Exactly as they appear, write the lines from the one containing "11月26日下午,院党委理论" to the final line of the entries, leaving pictures out.

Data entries
>>>>>

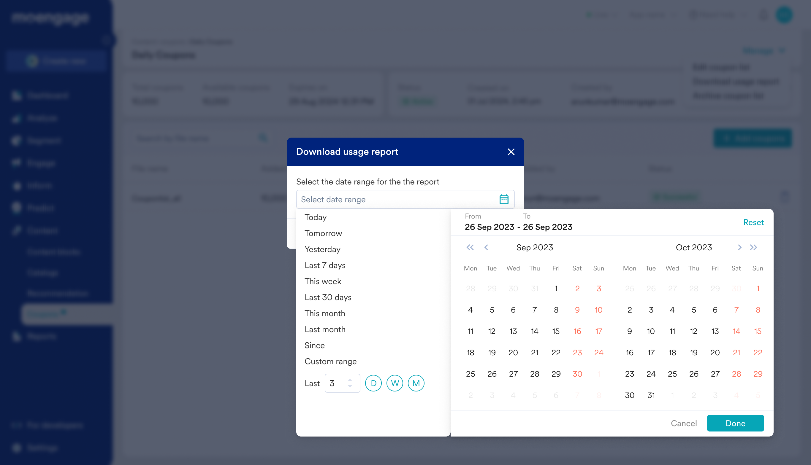 MoEngageはクーポンコードの引き換えを確認しません。クーポンベースのキャンペーンにおいて、MoEngageの役割は、ユニークなコードをランダムに割り当て、それらを設定されたマーケティングチャネル全体に配布することです。異なるキャンペーンで使用されたクーポンリストの監査報告書を生成できます。こちらは サンプル使用レポート です。
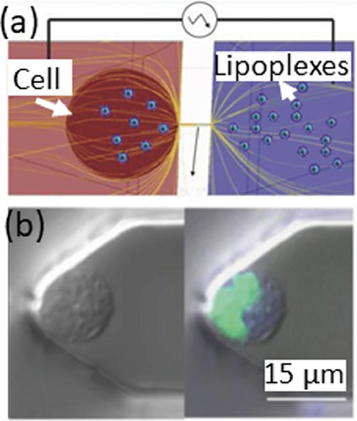 | Fig. 4. Delivery technology for single cell using nanofluidics. (a) Schematic of nanochannel electroporation (NEP) method for the injection of lipoplex nanoparticles into cell. (b) Confocalmicroscopy images for the confirmation of lipoplex nanoparticles injection by NEP. Reproduced with permission [75]. Copyright 2014, Wiley-VCH. | |
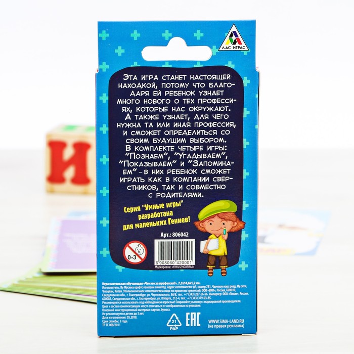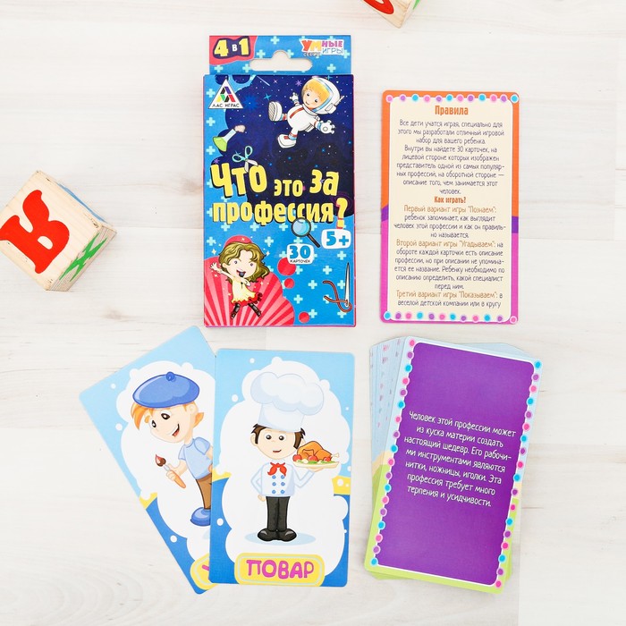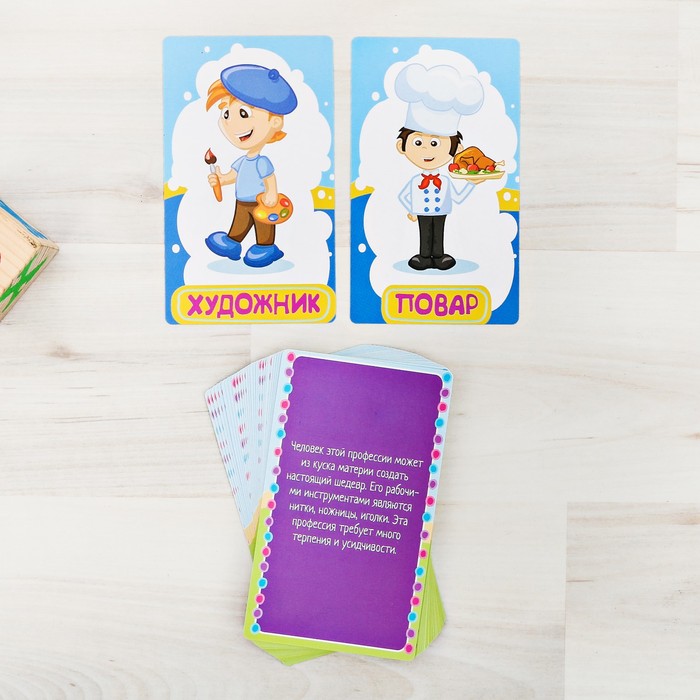 В комплекте вы найдете 30 карточек с самыми разными специальностями. С одной стороны карты изображен представитель одной из самых популярных профессий, а с другой – описание того, чем занимается этот человек. Изучив и запомнив всех специалистов, пусть ваш малыш попробует отгадать по описанию, какой профессии этот человек?
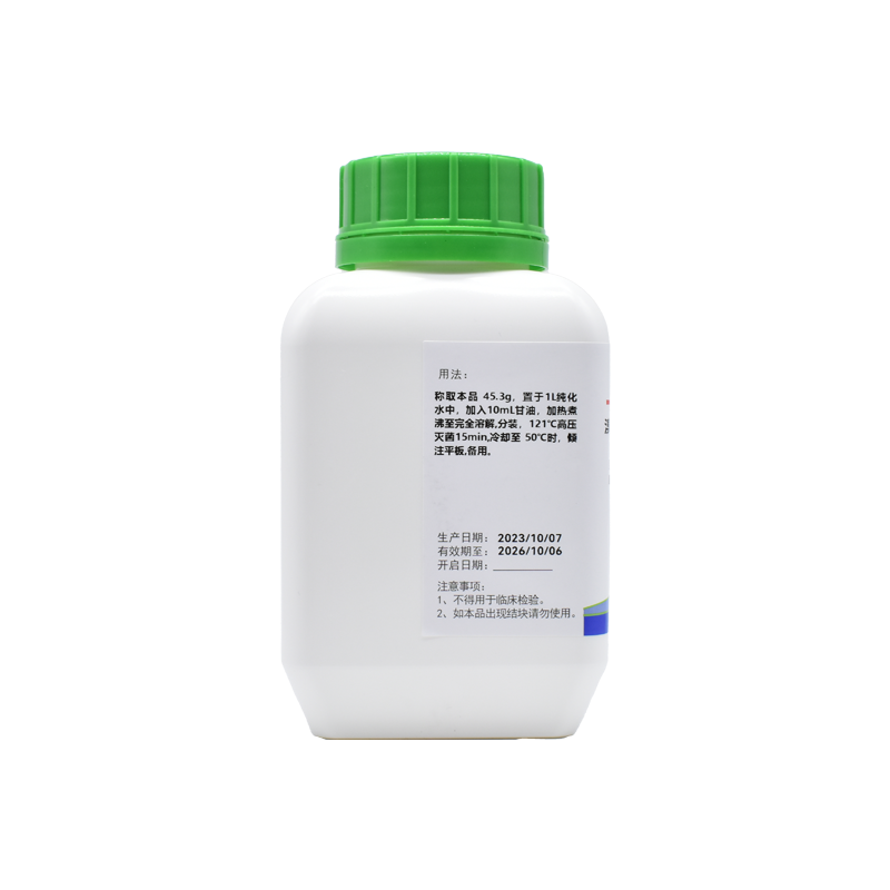 使用方法 | 稱取本品45.3g,置于1L純化水中,加入10mL甘油,加熱煮沸至完全溶解,分裝,121℃高壓滅菌15min,冷卻至50℃,傾注平皿,備用。 | 拆開包裝即可使用 | 拆開包裝后、水浴加熱復(fù)溶后傾注平板使用 |
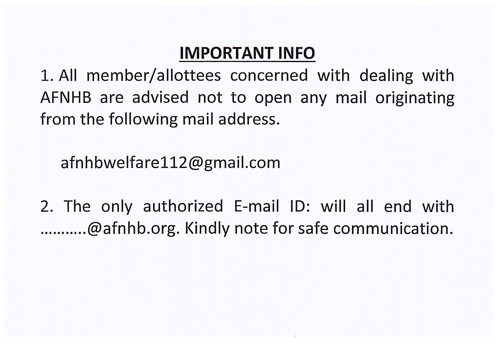 Mandatory Submission of Indemnity Bond for AFNHB Meerut and Jaipur Ph-II Projects as on 19 May 22.[View Details...]
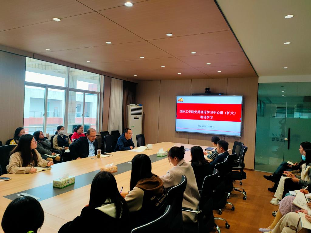 11月26日下午,院党委理论学习中心组(扩大)在文科楼E502会议室开展集中学习研讨,院党委书记黄自力主持学习,院党政班子成员、支部书记、科室主任和教师代表参加学习。
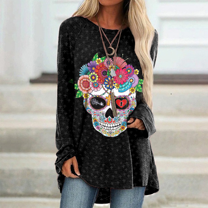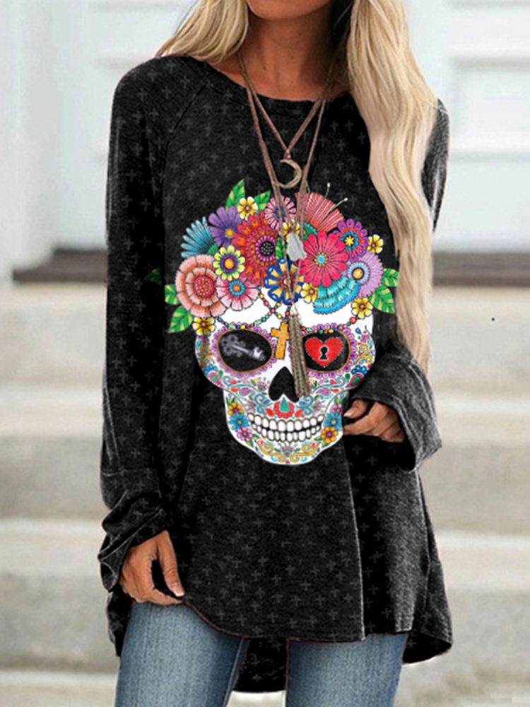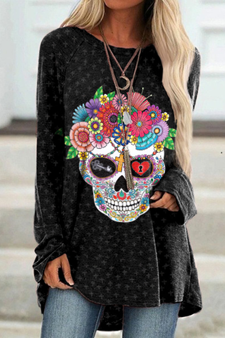 Marigold Skull Print Long Sleeve Tunic
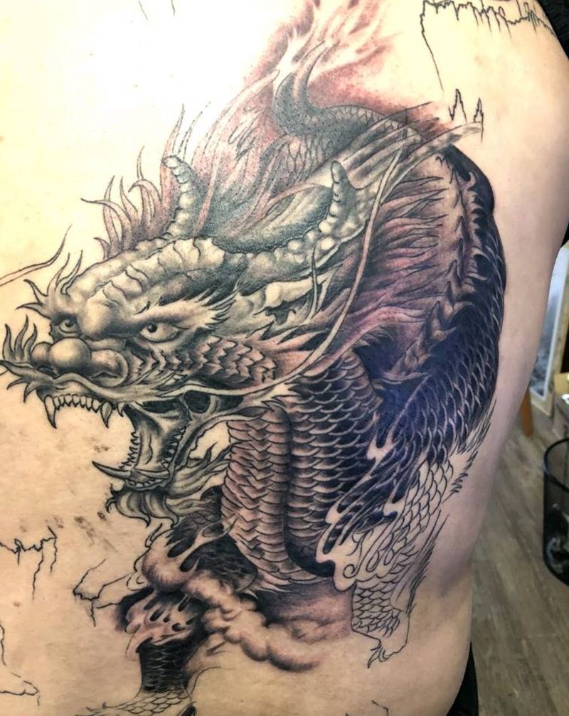 • T云龙九郎纹身图片_背部老传统云龙九郎纹身图案

<<<<<

**Finished exercise:**
 11月26日下午,院党委理论学习中心组(扩大)在文科楼E502会议室开展集中学习研讨,院党委书记黄自力主持学习,院党政班子成员、支部书记、科室主任和教师代表参加学习。
 Marigold Skull Print Long Sleeve Tunic
 • T云龙九郎纹身图片_背部老传统云龙九郎纹身图案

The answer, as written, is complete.